Hard.exe

Dec '25 – Jan '26
Mozilla Foundation / Creative Futures Counterstructures · San Francisco

Hard.exe is the fourth installment in the Singulars series, an ongoing duel between poet and machine. For thirty minutes I write a poem on a theme proposed by the audience. The model, trained on an anthology of English poetry and the previous iterations of this performance, responds almost instantly with one of its own. Both poems are printed, hung, and kept anonymous. The audience votes. When the human wins, the machine is retrained on an updated dataset. When the machine wins, the poet adjusts.

This is reinforcement learning using human feedback, made tangible. What emerges is a different narrative for the human and AI encounter. Not a fight, but a mutual reinforcement. Not a contest, but a feedback ecology where readers become trainers and taste becomes the tuning function. A reinforced model, both human and artificial, trained not to win but to listen.

I performed Hard.exe in San Francisco inside Mozilla Foundation’s Creative Futures: Counterstructures residency programme, a ten-week investigation co-produced with tiat (the intersection of art & technology) into alternative AI futures rooted in creativity, agency, and cultural stewardship rather than acceleration and extraction. The residency’s thinking moves around “Creativity is Collective: Hollywood’s 8 Rules for AI,” activating one rule per week through workshops, conversation, critique, and collaborative experimentation.

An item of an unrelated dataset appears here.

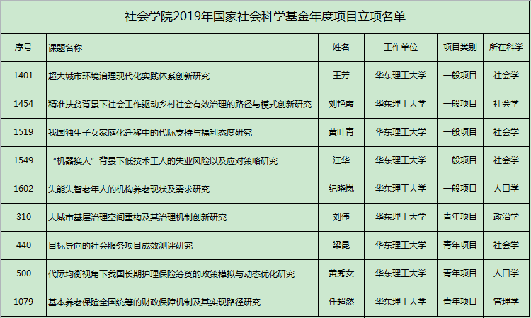 日前,全国哲学社会科学规划办公室公布了2019年度国家社科基金年度项目立项名单。2019年度国家社科基金共立项4629项,pg游戏电子模拟器2019年度国家社科基金共立项14项,pg游戏官网占比9项,其中社会学学科立项5项,在全国社会学立项中排名第2,仅次于中国社会科学院,与北京大学等并列,在上海市社会学学科立项中排名第一。特别是pg游戏官网人口学获准立项2项,首次进入全国十强,并列第二。

The version of me on stage that night was already a version trained on the week before. I had been writing daily, pulling every trick, attuning to the room the way only a body trying to survive a Turing test in reverse can attune. My mindset under the lights: humiliation, and then a kind of insistence that I won’t let you down, I’m your boy, I’m in the arena, I’m going to make you proud. The scariest thing about Hard.exe is that the next model is now trained on the week I surpassed myself. The machine will not forget what I pulled. Neither will I.